La noche había caído con un peso más espeso que de costumbre. Afuera, el viento silbaba en ráfagas suaves, como si jugara con las cortinas del tren. Selene miraba por la ventana. Las estrellas parecían moverse, como si danzaran muy despacio sobre los campos dormidos de Ardemia.
El tren avanzaba con lentitud. Ya llevaban varios días de viaje desde San Nicolás y aún no llegaban al sur. Selene dormitaba cuando un leve crujido metálico sacudió el vagón. Luego, el tren se detuvo.
No de golpe, sino como si el mundo decidiera pausar. No hubo anuncio. Solo silencio.
Selene se asomó por la ventana. Afuera, la estación no tenía nombre.
Ni carteles, ni luces eléctricas, ni portones. Solo un andén de piedra oscura, cubierto de musgo, con faroles antiguos que brillaban con una llama que no era del todo natural. Era como si el lugar no perteneciera a ningún mapa. Como si no hubiera sido construido, sino soñado por alguien hace mucho tiempo.
Los pasajeros comenzaron a bajar, con esa mezcla de curiosidad y miedo que despierta lo inexplicable. Selene también descendió.
—¿Dónde estamos? —le preguntó a un operario, que revisaba el tren con una linterna de aceite.
—Una estación vieja —respondió sin mirarla—. Las vías están torcidas. Tendremos que pasar la noche aquí.
Eso era todo. Un accidente de tiempo. Un pliegue en el camino.
A un lado del andén, se abría un sendero de tierra bordeado por cipreses. Selene caminó por allí. No sabía por qué lo hacía. Solo sintió que debía hacerlo.
El camino la llevó a una pequeña casa de piedra, cubierta de enredaderas. No parecía abandonada. Una lámpara colgaba en la puerta y al lado, un cartel oxidado colgaba torcido: "Objetos perdidos y recuerdos dormidos."
Selene dudó. Luego, tocó.
La puerta se abrió sin hacer ruido. Dentro, la sala estaba repleta de cajones, estantes y vitrinas antiguas. Relojes sin agujas, brújulas sin norte, diarios sin palabras, tazas sin dueño. Y en el centro, una mujer de cabello blanco trenzado como hilo de plata, sentada junto a una mesa de madera. Tenía una llave colgada al cuello, brillante como el primer día de su existencia.
—Te esperaba —dijo sin sorpresa.
Selene frunció el ceño. —¿A mí?
—A ti, o a una como tú —respondió la mujer con una sonrisa sin tiempo—. Las llaves solo se encienden cuando hay algo que debe abrirse.
Se levantó y caminó hacia un cajón. Lo abrió lentamente y sacó una pequeña caja de madera tallada con estrellas.

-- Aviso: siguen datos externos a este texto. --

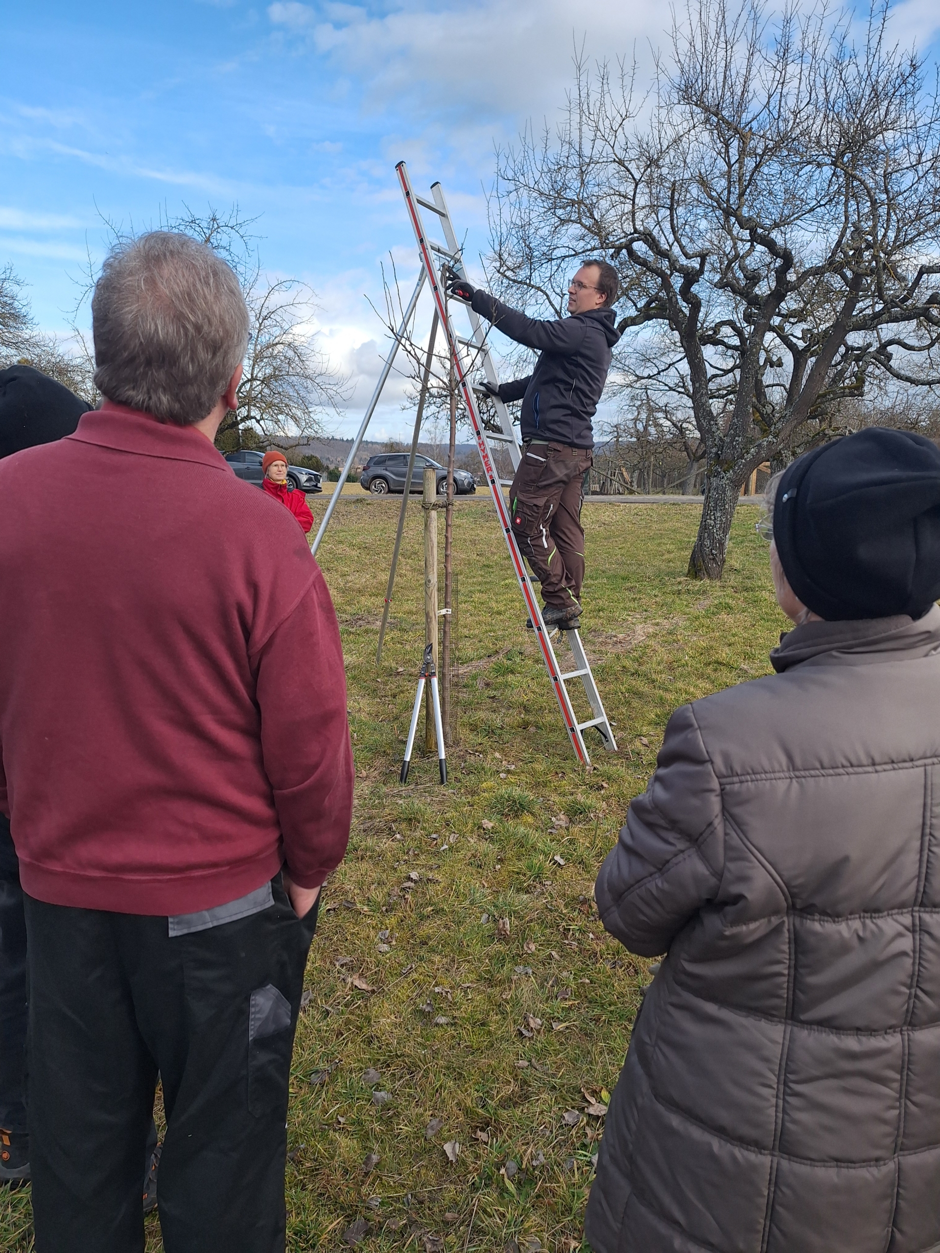 Eine Person steht auf der Leiter und schneidet einen jungen Obstbaum, andere Personen sehen zu
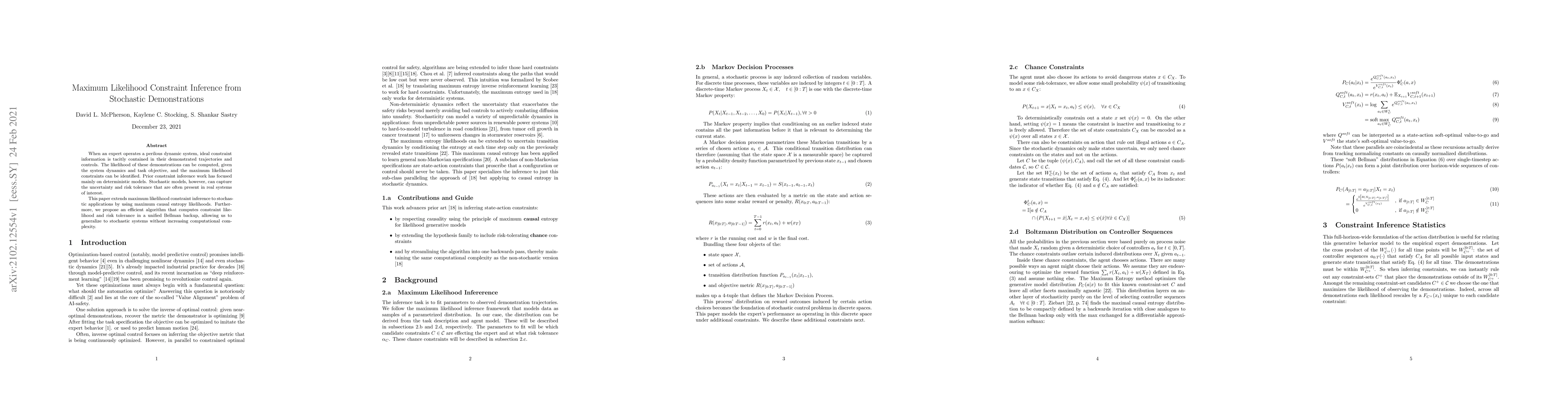 This paper extends maximum likelihood constraint inference to stochastic systems using maximum causal entropy likelihoods, proposing an efficient algorithm that computes constraint likelihood and risk tolerance in a unified Bellman backup, thus generalizing to stochastic systems without increased computational complexity.

—Este recuerdo es tuyo —dijo.
Selene la recibió sin entender. Al tocar la caja, sintió un pulso cálido. Al abrirla, el aire se volvió denso, como si el tiempo se suspendiera. Dentro, una pluma de ave, una piedrita azul y una nota que decía: “Volver no siempre es retroceder.”
Y entonces lo sintió.
Una imagen la envolvió como una bruma dorada. Era ella, de niña, sentada sobre los hombros de su padre, riendo mientras él corría por un campo de trigo. La canción que él silbaba no tenía letra, pero estaba hecha del amor más puro que un padre puede dar. Luego, en otra escena, él le mostraba cómo construir un barquito de papel, mientras le decía: “Cuando estés perdida, busca lo que hicimos con amor. Eso siempre flota.”
Cuando volvió a la sala, la mujer ya no estaba.
La llave quedó sobre la mesa. Y debajo de ella, un espejo. Al mirarse, Selene no se vio a sí misma, sino a una niña que la miraba con ojos llenos de esperanza. Ella misma, en su infancia. Le sonrió.
Selene salió de la casa con la caja cerrada contra el pecho.
Al volver al andén, la bruma se estaba disipando. Algunos pasajeros ya dormían en bancos de madera, otros murmuraban junto a faroles de aceite. El operario sonreía.
—Ya casi está —dijo, mientras revisaba las vías con una mirada distinta.
Esa noche, Selene durmió sobre un banco, abrigada por su abrigo y su caja de recuerdos. En sus sueños, el tren silbaba y la bruma se abría como una puerta hacia lo que vendría.
Cuando el tren volvió a moverse al amanecer, la estación ya no estaba. Donde antes hubo piedras, ahora solo quedaba hierba.
Selene miró por la ventana, sosteniendo la caja.
Aún no llegaba al sur de Ardemia, pero sabía que estaba más cerca. En su pecho, como una melodía sin letra, una certeza nacía: hay lugares que uno visita no con los pies, sino con el alma.
Y ese tren la llevaba directo hacia el siguiente misterio.